Soto quickly scanned the collection that featured Hollywood celebrities, music icons, athletes, television personalities, and . . . hold it! There was a whole section devoted to politicians, all the famous names from past administrations on both sides of the political aisle, including many holding office today.

Soto’s keen eye spotted ‘The One.’

“I’ve just got to have that!”

Big Tony chuckled. “You are a glutton for punishment. It’s got trouble stamped all over it, but, hey, it’s your funeral, friend. That’ll be twenty-nine ninety-five.”

Soto left the novelty shop clasping the package to his chest. He headed back to the office with the singular goal of putting his plan into action.

# # # #

Woods relinquished his post to the oncoming duty agent. He was tired and ready to go home for some well-deserved rest. His big mistake was stopping by the office to check emails before signing out for the night.

“What are you still doing here?” Woods inquired of his partner. Or was that ‘partner-in-crime?’ The jury was still out on that one.
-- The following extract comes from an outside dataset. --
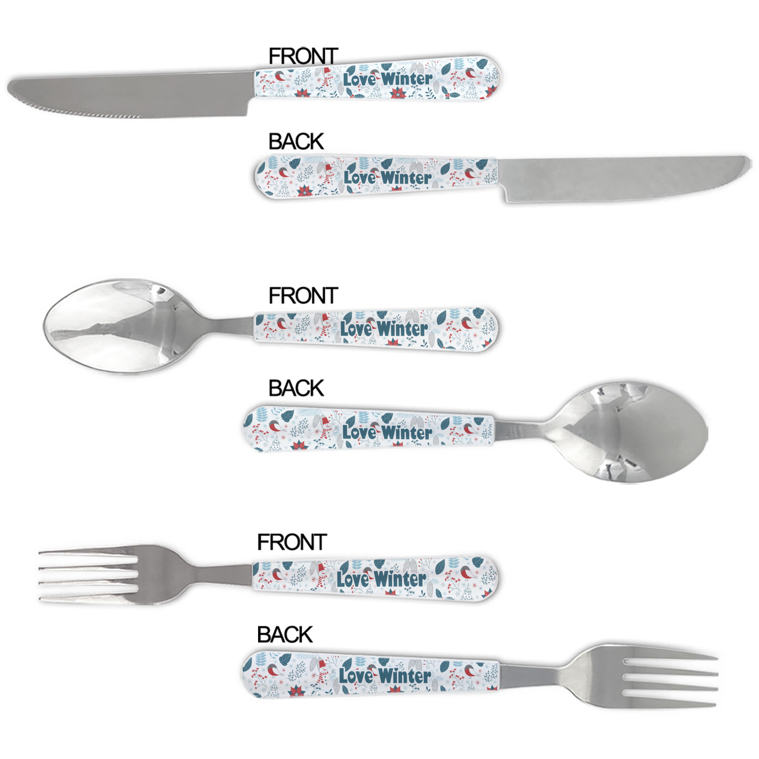 We print your customization on the handles, making these cutlery sets unique to you.

“I found the greatest gag ever just in time for the arrival of Miss Gucci-Two-Shoes,” Soto said with a satisfied grin.

“What is it?” Woods asked with trepidation in his voice, but his curiosity had already been aroused.

“Follow me.” Soto crooked a finger as he led the way down the long corridor.

They headed for a certain office at the opposite end of the hall from the president’s office. Not another soul was on the floor at that time of night, so they could move around freely, unconcerned about encountering staffers, agents, and especially old Kaboom himself. As they approached, Woods slowed his pace.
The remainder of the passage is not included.